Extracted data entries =
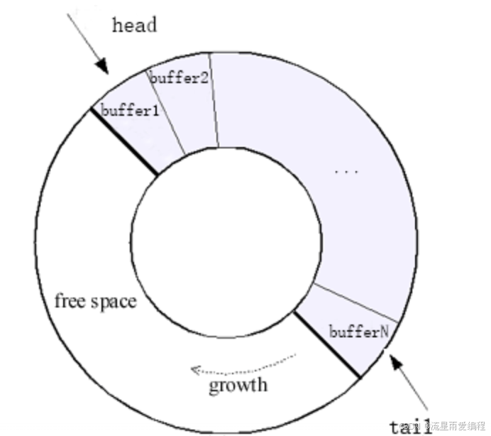 QRingBuffer实现的环形缓冲区大概如下图所示:
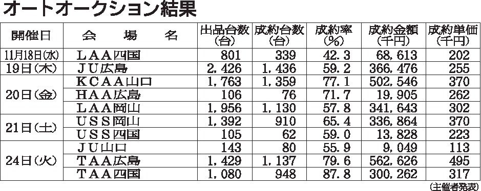 〈オートオークション結果〉中四国地区 2020/11/18~24
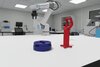 A specialized two-part adapter and striker system was designed to interface with the UR10e robot arm:
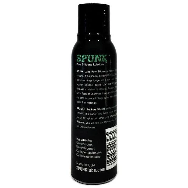SPUNK Lube Pure Silicone Ingredients: Dimethicone, Dimethiconol, Cylopentasiloxane, Cyclohexasiloxane.
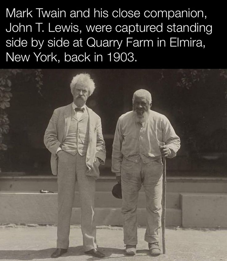 In this rare photograph taken in 1903 at Quarry Farm in Elmira, New York, the legendary writer Mark Twain stands beside his lifelong friend John T. Lewis, a man whose quiet strength and integrity left a profound mark on the famous authorโs life. ๐ฟ The image captures more than just two figures in history โ it captures a bond that defied the social barriers of their time. โค๏ธ

Your task = Would you retype all the lines shown above, exactly as written and without any picture?

Reply to the task =
 QRingBuffer实现的环形缓冲区大概如下图所示:
 〈オートオークション結果〉中四国地区 2020/11/18~24
 A specialized two-part adapter and striker system was designed to interface with the UR10e robot arm:
SPUNK Lube Pure Silicone Ingredients: Dimethicone, Dimethiconol, Cylopentasiloxane, Cyclohexasiloxane.
 In this rare photograph taken in 1903 at Quarry Farm in Elmira, New York, the legendary writer Mark Twain stands beside his lifelong friend John T. Lewis, a man whose quiet strength and integrity left a profound mark on the famous authorโs life. ๐ฟ The image captures more than just two figures in history โ it captures a bond that defied the social barriers of their time. โค๏ธ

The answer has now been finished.